Insider Brief
- CHARM Therapeutics raised $80 million in an oversubscribed Series B round to develop a new generation of menin inhibitors for acute myeloid leukemia (AML).
- The funding was co-led by New Enterprise Associates and SR One, with participation from NVIDIA and existing investors OrbiMed, F-Prime, and Khosla Ventures.
- CHARM’s proprietary DragonFold AI platform has produced a candidate active against resistance mutations that undermine first-generation menin inhibitors.
CHARM Therapeutics announced the close of an $80 million Series B financing round to accelerate development of its next-generation menin inhibitor into clinical trials, according to a news release. The company, headquartered in Cambridge, U.K., is targeting acute myeloid leukemia, a blood cancer with limited treatment options and poor patient outcomes.
Menin inhibitors have emerged as one of the most promising therapies for acute myeloid leukemia, or AML, disrupting a cancer-driving interaction between menin and the KMT2A gene. First-generation menin inhibitors, including revumenib, gained clinical validation by triggering differentiation and death of leukemic cells. But rapid emergence of resistance mutations has undercut their long-term effectiveness, often leading to relapse.
CHARM aims to solve this problem with molecules engineered to retain potency against all publicly described resistance mutations. The company’s lead compound, discovered using its AI-enabled protein–ligand co-folding platform DragonFold, has shown robust tumor regression in preclinical models.
Backing From Global Investors
The financing was co-led by New Enterprise Associates (NEA) and SR One, two leading life sciences venture firms, according to the release. Additional support came from NVIDIA, which has increased its presence in AI-driven drug discovery, and existing investors OrbiMed, F-Prime, and Khosla Ventures.
The round was oversubscribed, underscoring investor confidence in CHARM’s approach to overcoming the limitations of first-generation therapies. The proceeds will support clinical development, with first-in-human trials expected to begin early next year.
Addressing Clinical Limitations
First-generation menin inhibitors have also faced safety and pharmacological hurdles. Some require high doses, raising concerns about drug–drug interactions and QTc interval prolongation, a cardiac risk that can complicate treatment. CHARM’s candidate is designed to avoid these pitfalls. Preclinical data suggest efficacy at lower doses without increasing QTc risk and without inhibiting enzymes that contribute to drug interactions.
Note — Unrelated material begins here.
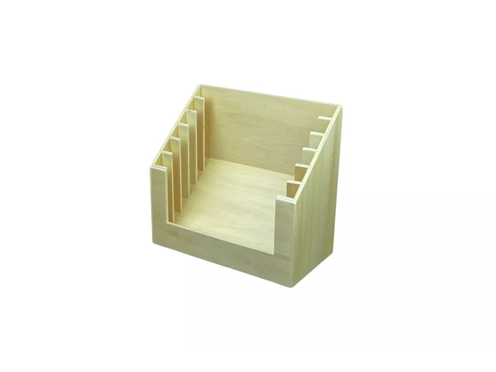 Stojan je navrhnutý tak, aby pojal šesť rámov používaných v montessori prostredí. Uľahčuje organizáciu pomôcok a ich vystavenie tak, aby boli ľahko dostupné pre deti aj pedagógov.
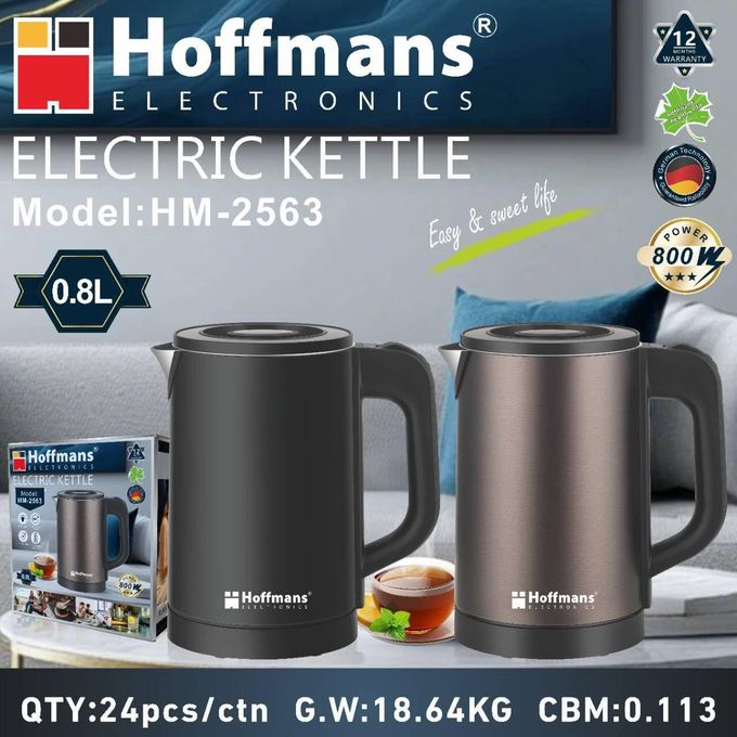 The Hoffmans HM-2563 delivers German-engineered reliability in a sleek, space-saving design. This 0.8L compact kettle boils water in seconds with its powerful 800W heating element, perfect for quick cups of tea, coffee, or instant meals. The double-wall stainless steel construction keeps the exterior cool while maintaining heat efficiency, and the 360° cordless base offers convenient pouring from any angle. Automatic shut-off and boil-dry protection ensure safe, worry-free operation every time. Available in sophisticated Black or Bronze finishes, it's the ideal kettle for modern kitchens where style meets functionality.

If confirmed in the clinic, these features could translate into safer and more durable therapies for AML patients who often face rapid disease progression.
Strategic Board Appointments
In parallel with its financing, the release also detailed changes to CHARM’s governance. Briggs Morrison, M.D., was appointed non-executive director, bringing direct experience from his time leading Syndax, the developer of the first FDA-approved menin inhibitor.
Kim Blackwell, M.D., a seasoned oncology executive, also joins as non-executive director to support clinical strategy. Investor representatives Matthew McAviney, M.D., of NEA, and Mahesh Kudari, M.D., of SR One, will join the board to align capital strategy with CHARM’s clinical plans.
Voices From the Industry
Gary D. Glick, Ph.D., Executive Chair of CHARM, said the financing validates the company’s AI-driven approach: current menin inhibitors “are fundamentally limited by the rapid emergence of resistance mutations that cause treatment failure,” while CHARM’s next-generation inhibitors are “specifically designed to overcome these resistance mutations and deliver the durable responses that patients need.”
NEA’s McAviney added that strong preclinical data and a clear development path “make CHARM well positioned to drive meaningful impact for patients facing treatment-resistant cancers.” Kudari of SR One emphasized the role of DragonFold in rapidly identifying inhibitors active against resistant mutations.
About Menin Inhibitors in AML
AML is driven by multiple genetic and epigenetic abnormalities. One well-established driver is the interaction of menin with KMT2A, which normally regulates transcription and differentiation. In leukemia, the menin–KMT2A complex up-regulates genes that fuel malignancy.
Menin inhibitors block this binding, restoring normal gene regulation and triggering cancer cell death. Clinical data from first-generation therapies have confirmed the value of this approach, but resistance mutations and safety concerns have limited outcomes. CHARM is betting its AI-designed molecules can unlock the full potential of menin inhibition.